全編を貫く作者の思考の破天荒さが伝わってくる。
まさに「正論は大声で言うべからず」である。
中央に対する地方・辺境からの視点、少数民族や方言の価値、権威・権力からの独立、老若男女民衆の力、医学・医療の重要性、直接民主主義の可能性‥‥。
作者の考える理想郷や思想にはまったく同感であり、
振り落とされなくてよかったと思う。
リアルとイマジネーション、深刻と呑気の両極端ではあるが、『レ・ミゼラブル』や『ジャン・クリストフ』『白鯨』など世界の長編文学作品に通じるものを感じる。

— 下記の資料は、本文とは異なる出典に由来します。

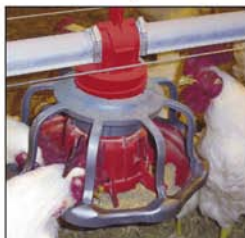
Comedero para gallos REVOLUTION®

東北岩手県の四千二百人の小さな村が吉里吉里国として日本国から独立する話である。標準語の文章にはすべて東北弁のルビがふられ、ズーズー弁の独特な世界を創り出す。藤原三代の埋蔵金4千トンを「金隠し」にして隠し、それを通貨の裏付けにして金本位の国家運営をする。愚人会議という村人10人で構成する移動政府があり、政治経済や教育・農業・軍事・法務等々各省が機能し、小学生から老人までの男女がいろいろな役割を担う。多くの多国籍企業が支店を置き地球規模で注目される。現実社会の問題点を解決する理想的な仕組みで共和国が運営される。
最先端技術の医科大学病院を中枢に据えて、その開発技術を世界中の少数民族独立の武器にする。偶然紛れ込んだ三文作家の目で、驚きながらこの国の成りたちを発見していく。大統領は「タッチ制」で継承することになっており、移動政府の運転手から彼が引き継ぐことになる。日本を中心に諸外国の破壊工作が圧力を増す。
最後の終わり方が鮮やかだ。
少年時代に兄弟や友人達と隠れ家を作り掟を決めてごっこ遊びをした時の興奮や、大学のバリケード封鎖で仲間同士のコンミューンのような生活、その自由と清々しさが彷彿される。権威から独立して仲間で役割を決めて理想郷を作る高揚感である。現実からの隔絶、体制からの自立に興奮し燃えた経験は強烈で決定的な記憶である。
やはり井上ひさしは凄い。この作品はユーモアと揶揄や皮肉は満載だが悲観は皆無で底抜けに明るく爽快で読者に希望の夢を見せてくれる。
読み切ってよかったとつくづく思う。